+++ Supplied data
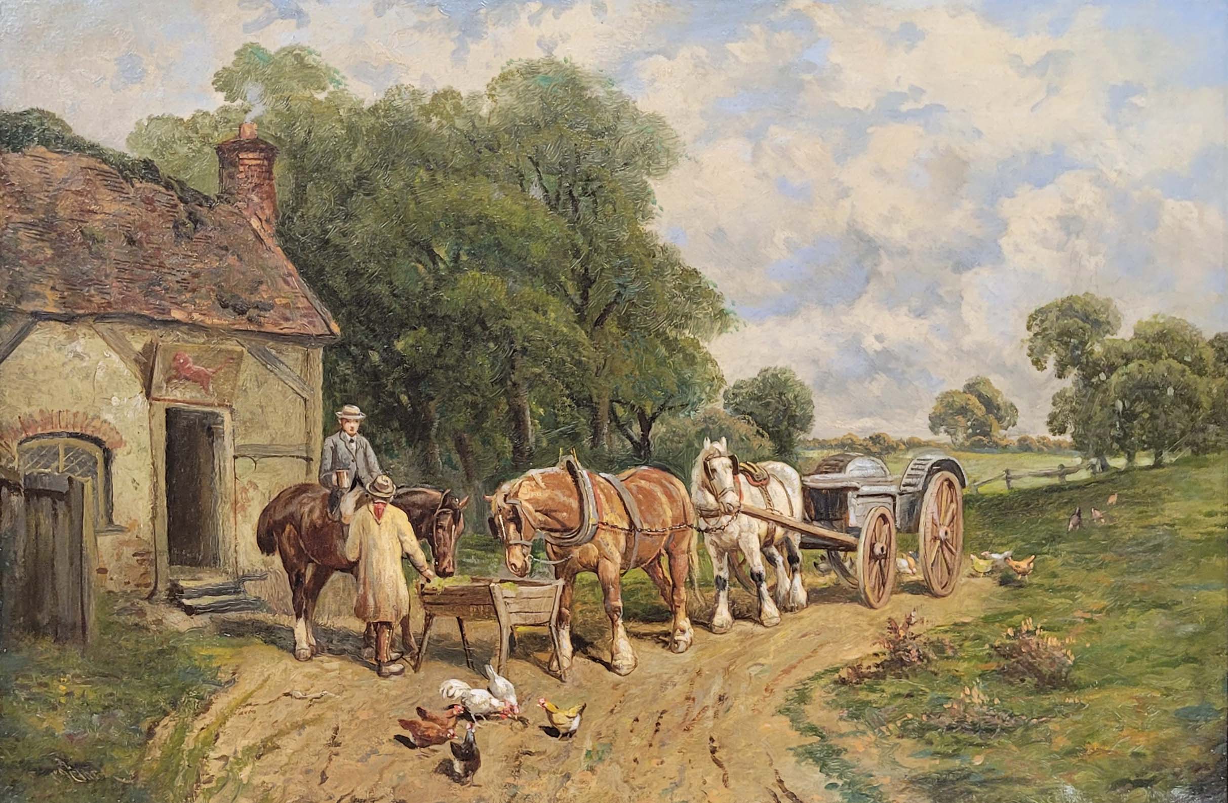 CLARKE, Samuel Joseph (1841-1928): Kutscher mit seinem Fuhrwerk bei der Rast an einem GasthofÖl auf Leinwand, signiert unten links, 51 x 76 cm, Rahmen
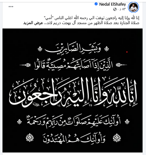 واختتم الفنان منشوره بدعوة جمهوره ومحبيه إلى الدعاء لوالدته بالرحمة والمغفرة، وأن يتغمدها الله بواسع رحمته ويسكنها فسيح جناته، وأن يلهم الأسرة وذويها الصبر والسلوان.
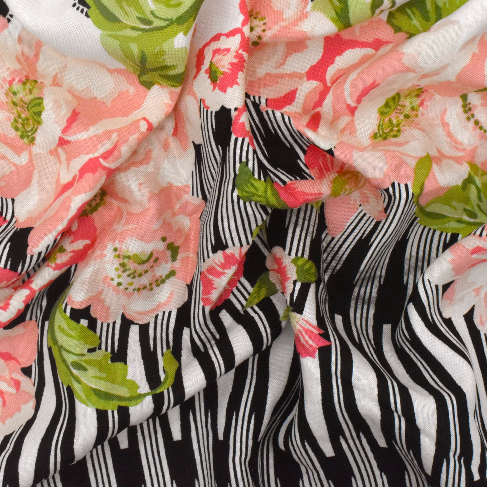 3 1/2 YD PC-Ivory-Pink-Multi Floral Border Stripe Printed Challis Woven Fabric
++++++
◆ **Task requirements**:
Omit the pictures and output all of the other material exactly.

◆ **Answer section**:
 CLARKE, Samuel Joseph (1841-1928): Kutscher mit seinem Fuhrwerk bei der Rast an einem GasthofÖl auf Leinwand, signiert unten links, 51 x 76 cm, Rahmen
 واختتم الفنان منشوره بدعوة جمهوره ومحبيه إلى الدعاء لوالدته بالرحمة والمغفرة، وأن يتغمدها الله بواسع رحمته ويسكنها فسيح جناته، وأن يلهم الأسرة وذويها الصبر والسلوان.
 3 1/2 YD PC-Ivory-Pink-Multi Floral Border Stripe Printed Challis Woven Fabric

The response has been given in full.